→ **Your assignment**
Copy only the lines from the one with "Pedro porro (sporting" through the end of the records, exactly as they stand. No pictures belong in the copy.
Top of Information supplied
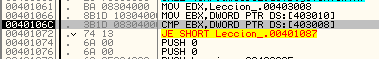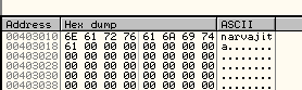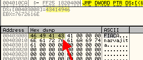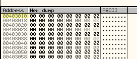 В 401066 в EBX перемещается содержимое памяти по адресу 403010, которое является DWORD’ом. Посмотрим, что находится по адресу 403010 через DUMP.
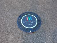 川崎駅前に、川崎市のマークが入ったマンホールを発見。ステンレス?で縁取られたデザインは珍しいですね。作った理由とか、今後増やしていく予定とか取材をお願いします。
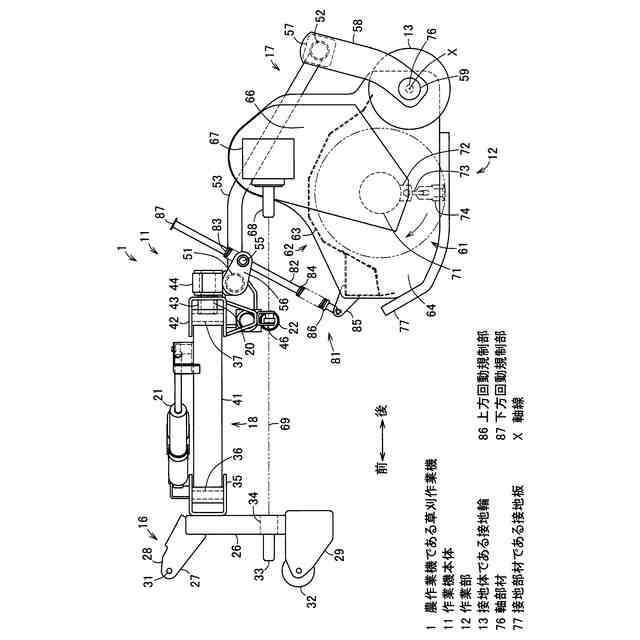 作業部の接地体は、所定の軸線が軸芯を通る左右方向の軸部材を中心として回転可能であり、
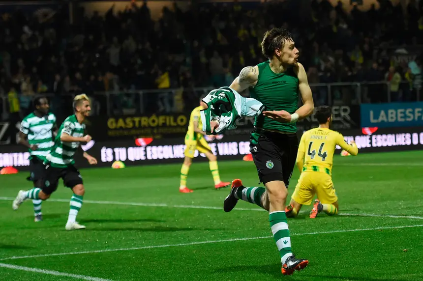 Pedro porro (sporting cp) remate com o pé direito no coração da área sporting cp 1, tondela 0.
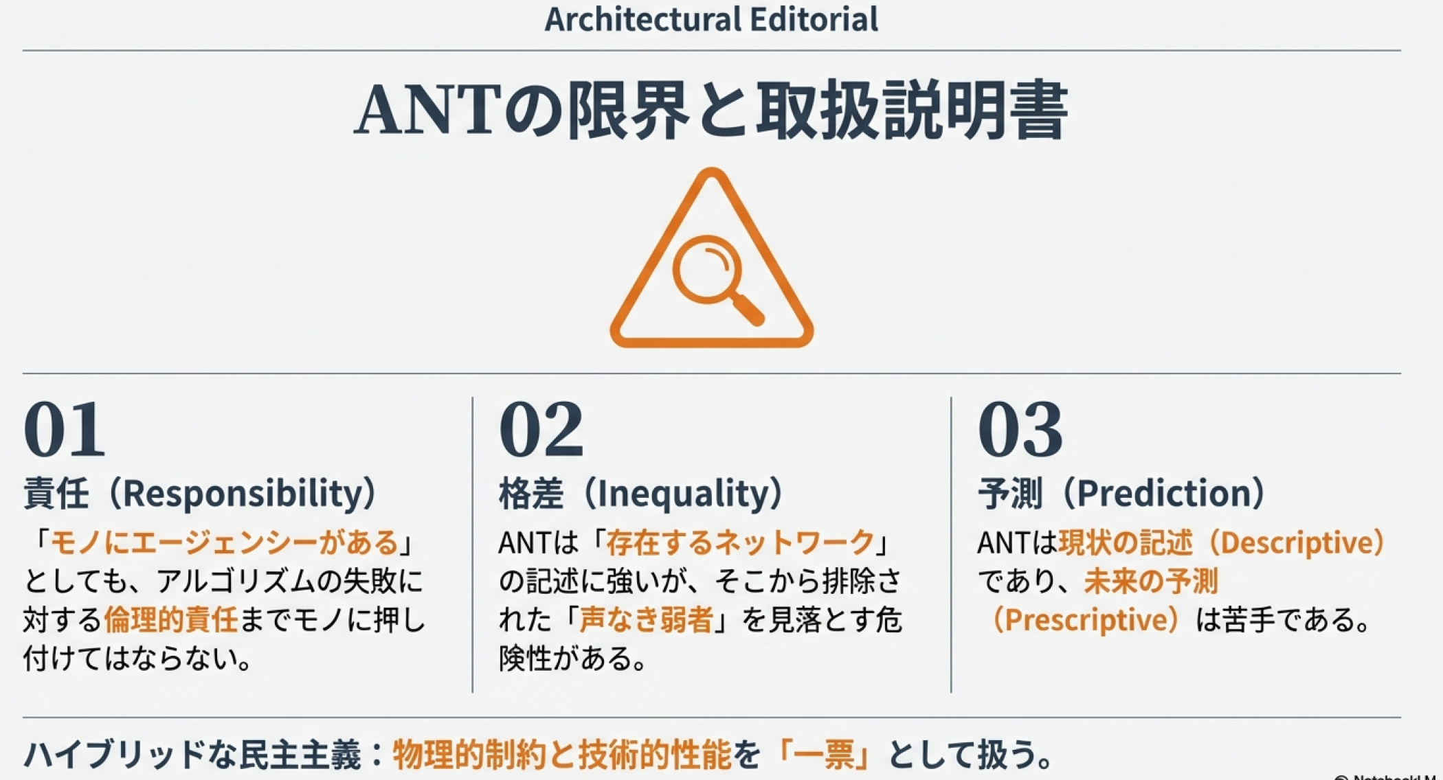 | 責任の拡散 | 政治的決定の分離 | ネットワークの分析(記述)と、最終的な意思決定(責任)を切り分ける。 |
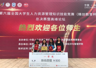 2021年10月23日至24日,第六届全国大学生人力资源管理知识技能竞赛(精创教育杯)总决赛暨高峰论坛(以下简称“大赛”)在海南大学举行。大赛由中国人力资源开发研究会大学生知识技能竞赛理事会主办、海南大学管理学院与上海交通大学安泰经济与管理学院联合承办、浙江精创教育科技有限公司提供技术支持,共有来自全国高校71支队伍,200多名学生参加。304am永利集团304am永利集团2019级人力资源管理专业学生黄敏蕊、赖楚滢、谭燕红、莫惠兰由谭婉斌老师带队前往参赛。
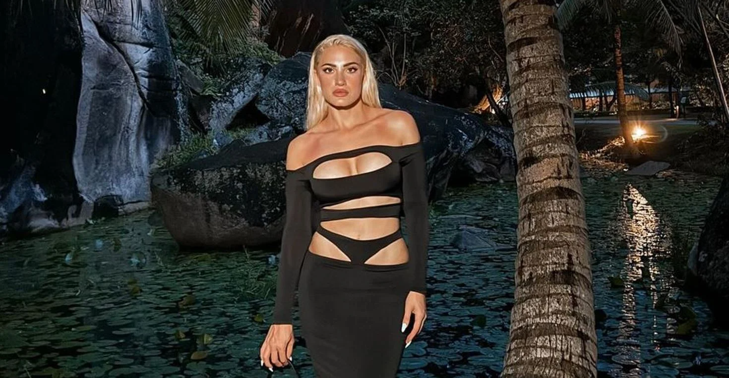 Φορώντας ένα εντυπωσιακό μαύρο ολόσωμο μαγιό, η δημοφιλής Instagrammer εμφανίζεται σε ένα βίντεο που δημοσιεύθηκε από το Mykonos Live Tv, να ποζάρει μπροστά σε ειδικό σκηνικό για φωτογράφιση μαζί με τις υπόλοιπες κοπέλες, οι οποίες φορούσαν επίσης μαύρα μαγιό.
Bottom of Information supplied
→ **Expected answer**
 Pedro porro (sporting cp) remate com o pé direito no coração da área sporting cp 1, tondela 0.
 | 責任の拡散 | 政治的決定の分離 | ネットワークの分析(記述)と、最終的な意思決定(責任)を切り分ける。 |
 2021年10月23日至24日,第六届全国大学生人力资源管理知识技能竞赛(精创教育杯)总决赛暨高峰论坛(以下简称“大赛”)在海南大学举行。大赛由中国人力资源开发研究会大学生知识技能竞赛理事会主办、海南大学管理学院与上海交通大学安泰经济与管理学院联合承办、浙江精创教育科技有限公司提供技术支持,共有来自全国高校71支队伍,200多名学生参加。304am永利集团304am永利集团2019级人力资源管理专业学生黄敏蕊、赖楚滢、谭燕红、莫惠兰由谭婉斌老师带队前往参赛。
 Φορώντας ένα εντυπωσιακό μαύρο ολόσωμο μαγιό, η δημοφιλής Instagrammer εμφανίζεται σε ένα βίντεο που δημοσιεύθηκε από το Mykonos Live Tv, να ποζάρει μπροστά σε ειδικό σκηνικό για φωτογράφιση μαζί με τις υπόλοιπες κοπέλες, οι οποίες φορούσαν επίσης μαύρα μαγιό.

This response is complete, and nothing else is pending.